Bazen olumlu, bazen olumsuz, yalan, yanlış tutum içine girerler. Bilgiden, tutarlılıktan, kararlılıktan uzaktırlar.
Çocuk çoğu zaman ailelerinden şiddet, hatta öldürme görür! Pek çok eşler arasında şiddetten ölüm oluşur. Her yıl ülkemizde 400’den fazla kadın yakınları tarafından katledilir. Çocuklarda aileleri tarafından katledilir!

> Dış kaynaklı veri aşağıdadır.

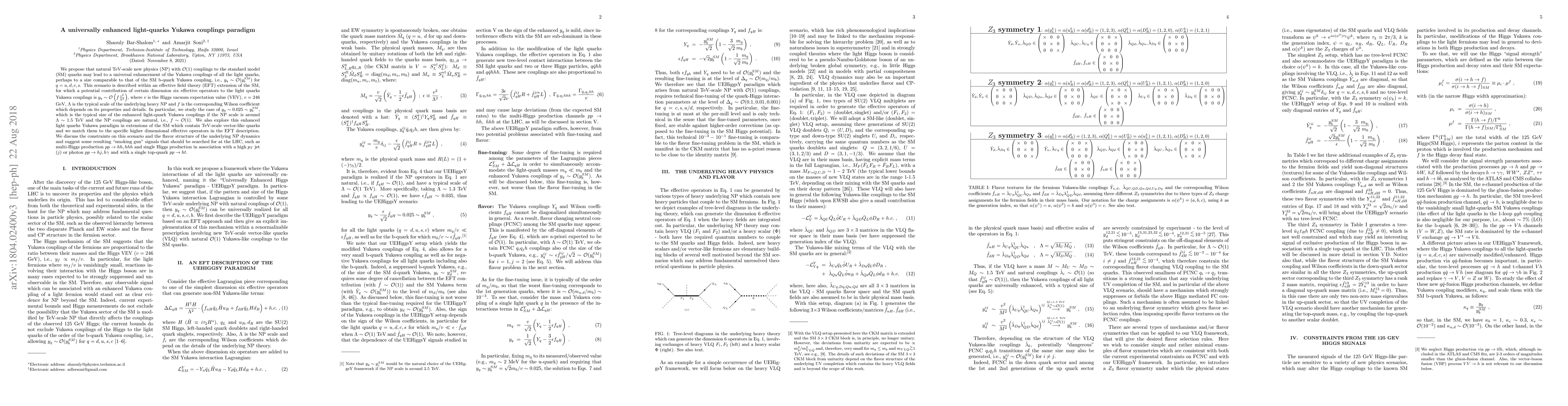 We propose that natural TeV-scale new physics (NP) with ${\cal O}(1)$ couplings to the standard model (SM) quarks may lead to a universal enhancement of the Yukawa couplings of all the light quarks, perhaps to a size comparable to that of the SM b-quark Yukawa coupling, i.e., $y_q \sim {\cal O}(y_b^{SM})$ for $q=u,d,c,s$. This scenario is described within an effective field theory (EFT) extension of the SM, for which a potential contribution of certain dimension six effective operators to the light quarks Yukawa couplings is $y_q \sim {\cal O} \left( f \frac{v^2}{\Lambda^2} \right)$, where $v$ is the Higgs vacuum expectation value (VEV), $v=246$ GeV, $\Lambda$ is the typical scale of the underlying heavy NP and $f$ is the corresponding Wilson coefficient which depends on its properties and details. In particular, we study the case of $y_q \sim 0.025 \sim y_b^{SM}$, which is the typical size of the enhanced light-quark Yukawa couplings if the NP scale is around $\Lambda \sim 1.5$ TeV and the NP couplings are natural, i.e., $f \sim {\cal O}(1)$. We also explore this enhanced light quarks Yukawa paradigm in extensions of the SM which contain TeV-scale vector-like quarks and we match them to the specific higher dimensional effective operators in the EFT description. We discuss the constraints on this scenario and the flavor structure of the underlying NP dynamics and suggest some resulting "smoking gun" signals that should be searched for at the LHC, such as multi-Higgs production $pp \to hh,hhh$ and single Higgs production in association with a high $p_T$ jet ($j$) or photon $pp \to hj,h \gamma$ and with a single top-quark $pp \to h t$.

Bu tip aileler daha çok ideolojik sapıklık, sapkınlık, serserilik, çürümüşlük içindedir.
Bunlar neyin doğru neyin yanlış olduğunu anlamaktan uzaktırlar. Hak din İslam, Müslümanlık ile pek ilgileri yoktur.
Sapkın ideoloji tutumları olanlar hak, hakikatten, olgunluktan çok uzaktır.
OLUMLU, SAĞLIKLI, SAĞLAM İRADELİ, HAK VE HAKİKAT İÇİNDE OLAN ANNE VE BABA TUTUMLARI:
Aileler hak ve hakikat içinde olgun, medeni, iyi eğitimlidir. Çocuklarının fikrini alır. Gereksinimlerini karşılar.
Çocuğu dinlerler ve sevgi, saygı gösterirler.
Çocuğu sever ve sayarlar. Saygı, hoşgörü, merhamet gösterirler.
Çocuğu gerektiğinde teşekkür eder, takdir ederler. Hayatta başarılı olması için gerekenleri yaparlar.
Çocuklara yaşına, anlayış düzeyine uygun tutum sergilerler.
Gerektiğinde ödül verirler.
Çocukları güzel ahlak, terbiye, edep, hayâ ile yetiştirirler.
Çocuk yanlış yaptığında, “ben” dili ile uygun şekilde anlatırlar. İdeolojik sapık, sapkınlıktan uzak dururlar.
Çocuklara kendilerini tanıtırlar. Özgüven içinde yetiştirirler. İşbirliği içinde hareket ederler. Hak ve hakikati pedagojik şekilde öğretiler.